Geplant sind in erster Linie ein Neuanstrich der Wände, die Aufarbeitung der Kirchenbänke und eine ergänzende Bestuhlung. Der Fußboden wird aufpoliert, die Dielen abgeschliffen und passend zu den neuen Farben der Kirchenbänke versiegelt. „Ein Hauptaugenmerk wird auf dem neuen Lichtkonzept liegen, das die Architektin für uns erarbeitet hat“, berichtet Jäkel weiter. Dazu gehört, dass die vorhandenen Messinglampen aufgefrischt und mit energiesparenden LED-Leuchtmitteln versehen werden. Hinter den bestehenden Säulen sollen in Fußbodenhöhe angebrachte Wandstrahler die Wände erhellen und für eine indirekte Beleuchtung sorgen. Ein LED-Lichtband entlang des Wandbogens an der rechten Seite ergänzt das Konzept.
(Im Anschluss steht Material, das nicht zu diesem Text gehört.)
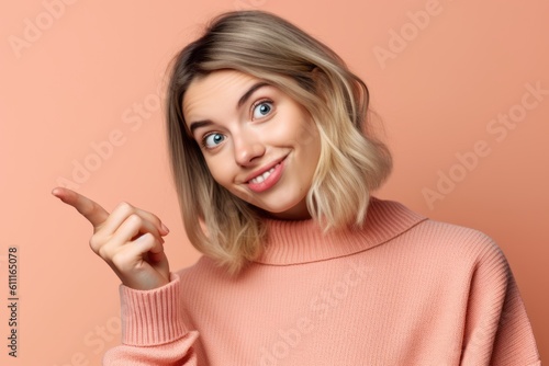 Close-up portrait photography of a glad girl in her 20s making a i have an idea gesture with a finger up against a coral pink background. With generative AI technology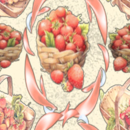 Baskets and punnets of ripe, red strawberries, in stripes separated by pink ribbon, create a delicious pattern.

Die Fenster werden ebenfalls mit in die Sanierung einbezogen. Die vor den Fenstern nachträglich angebrachten und wenig funktionellen Glasscheiben entfallen, für beschädigte Einzelscheiben erfolgt ein entsprechender Austausch. Der Vorraum zur Kirche erhält neues Licht und eine ergänzende Ausstattung.

„Die Kosten werden sich voraussichtlich auf 290.000 Euro belaufen. Die Finanzierung von 200.000 Euro ist bereits gesichert. Nun gilt es, den Restbetrag möglichst durch Spenden zu beschaffen, damit wir im Herbst Wiedereinweihung feiern können“, meint die Pastorin. Beginnen sollen die Arbeiten nach den Konfirmationen.